OK, I dare anyone to convince me that that collection of content is “interesting.” I’m a devoted, long-time Boulderite, and the only thing I found remotely of interest is the Yourhub staff compilation of high school graduates; I can look to see if any of my friends’ kids graduated. I sure have no desire to come back to check out the Boulder stuff on Yourhub after this exercise.

I chose to examine Yourhub Boulder, of course, to see if Potts is right that if you’re committed to a community, you do care about the kind of stuff that goes on sites like Yourhub, and that was carried by Backfence.com sites when they were still running. I can’t begin to describe how dull this collection of content is to me.

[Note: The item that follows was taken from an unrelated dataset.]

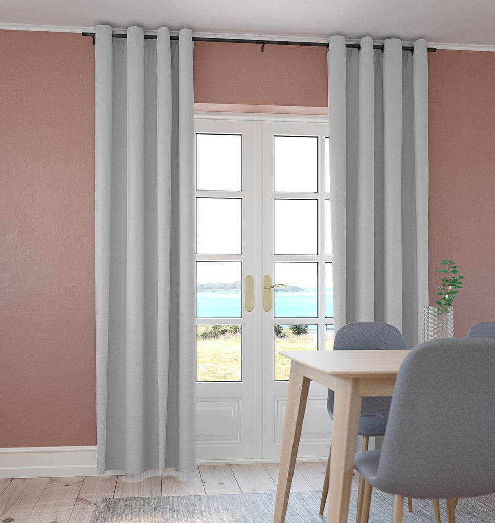 Jasnoszara gotowa zasłona na przelotkach 140 x 300 do salonu sypialni

Now, I again will emphasize that I am not a critic of the concept of “citizen journalism.” To the contrary, I’m a believer in hyper-local! I just don’t think we’re doing it right yet.

Here’s what I’d suggest for a remodel of Yourhub, and what I think (in hindsight) that Backfence should have done. The user interface would look like this:

A user should be able to select from a list of topics, interests, organizations, etc. that he is interested in. This would generate a local-focused content stream of stuff over time that matches his interests. For example, I might select as my interests: mountain biking; cycling; running; “green”/environmental news; Boulder Open Space Department; trails news; Summit Middle School; University of Colorado School of Journalism; mosquito control; dogs; traffic delays/road construction; the Internet scene; venture capital community/investors; Boulder media; and news about my small neighborhood.

How would a hyper-local site serve up all that stuff? It would comb through various sources of news, events, and information that match those choices: newspaper staff; citizen contributors; local blogs (mostly external, but perhaps newspaper bloggers, too); websites and newsletters of community groups, schools, and government agencies; discussion lists (aka, listservs) and forums devoted to various topics (e.g., local mountain biking group) and run by various local organizations; local databases (police department, health department, Realtors’ groups). It would intelligently parse through a growing list of news, data, and information sources and deliver to me what I care most about. The hyper-local site ideally would become the place I look first for what I care about or need to know locally; Google serves that purpose now.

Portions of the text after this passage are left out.